SPS-DSI Webinar: Graph Neural Networks for Learning Nonlinear Power System Operations

Date: 12 April 2023
Time: 3:00 PM CET
Speaker(s): Dr. Hao Zhu

SPS-DSI Webinar Series: Data SciEnce on GrAphS (DEGAS)

Initiated by the Data Science Initiative of IEEE Signal Processing Society, the DEGAS Webinar Series serves to provide the SP community with updates and advances in learning and inference on graphs. Signal processing and machine learning often deal with data living in regular domains such as space and time.

This webinar series will cover the extension of these methods to network data, including topics such as graph filtering, graph sampling, spectral analysis of network data, graph topology identification, geometric deep learning, and so on. Applications can, for instance, be found in image processing, social networks, epidemics, wireless communications, brain science, recommender systems, and sensor networks.

Webinars are hosted on Zoom, with recordings available on the IEEE SPS YouTube channel following the live event. Each speaker presentation is followed by time for Q&A and discussions.

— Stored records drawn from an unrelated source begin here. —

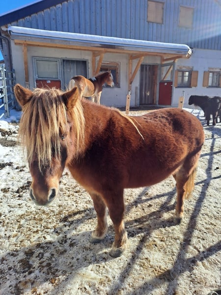 Verkaufe meine ca. 104 cm große, 12 jährige Shetty Stute. Sie ist nicht ausgebildet (wir gehen spazieren mit ihr), liebt andere Pferde und ist sehr vertäglich, steht bei mir in einer kleinen gemischten Herde. Im April wurden die Zähne gemacht, sie ist geimpft und gesund. Sie ist brav beim ausschneiden und liebt es geputzt zu werden. Sie ist sehr bewegungsfreudig daher ist ein Offestall ideal. Im Stall kennt sie kleine Kinder und da ist sie auch lieb, ansonsten braucht sie aber eine starke Hand und jemand mit Pferdeerfahrung, der sich durchsetzen kann. Für mehr Bilder oder Info's gerne melden!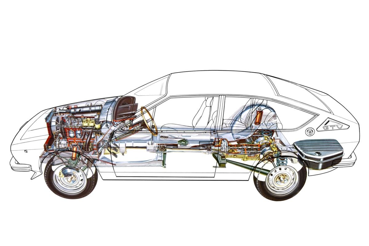 Na de Giulietta en de GTV hebben ze bij Alfa Romeo de smaak te pakken met transaxles. Ook de Giulietta, de 90, de 75 de daarvan afgeleide SZ krijgen de versnellingsbak onder de achterbank.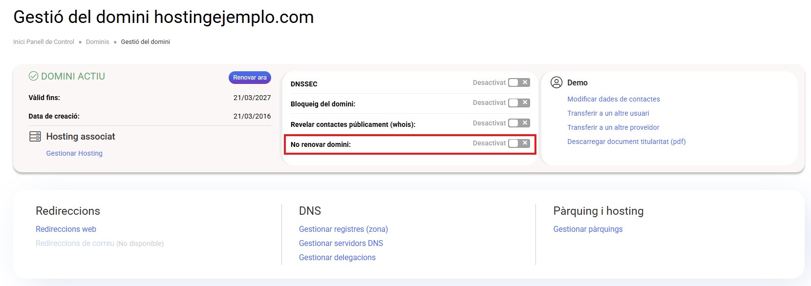 No recomanem que desactivis els avisos de caducitat tret que estiguis segur que no desitges renovar el domini.

Recent years have witnessed rapid transformations of contemporary advances in machine learning (ML) and data science to aid the transition of energy systems into a truly sustainable, resilient, and distributed infrastructure. A blind application of the latest-and-greatest ML algorithms to solve stylized grid operation problems, however, may fail to recognize the underlying physical grid models. This talk will introduce two examples of bridging physics-aware ML advances into efficient and resilient grid operations. First, we develop a topology-aware approach using graph neural networks (GNNs) to predict the price and line congestion as the outputs of real-time AC optimal power flow (OPF) problem. Building upon the relationship between prices and topology, this proposed solution significantly reduces the model complexity of existing methods while being able to efficiently adapt to varying grid topology. The second example aims to design scalable emergency response policies of optimal load shedding during disastrous contingency of line failures. We have shown changes of localized measurements only can predict the marginal price of load shedding. The effectiveness of our approaches in predicting both normal and emergency operation actions have been validated using realistic power system test cases.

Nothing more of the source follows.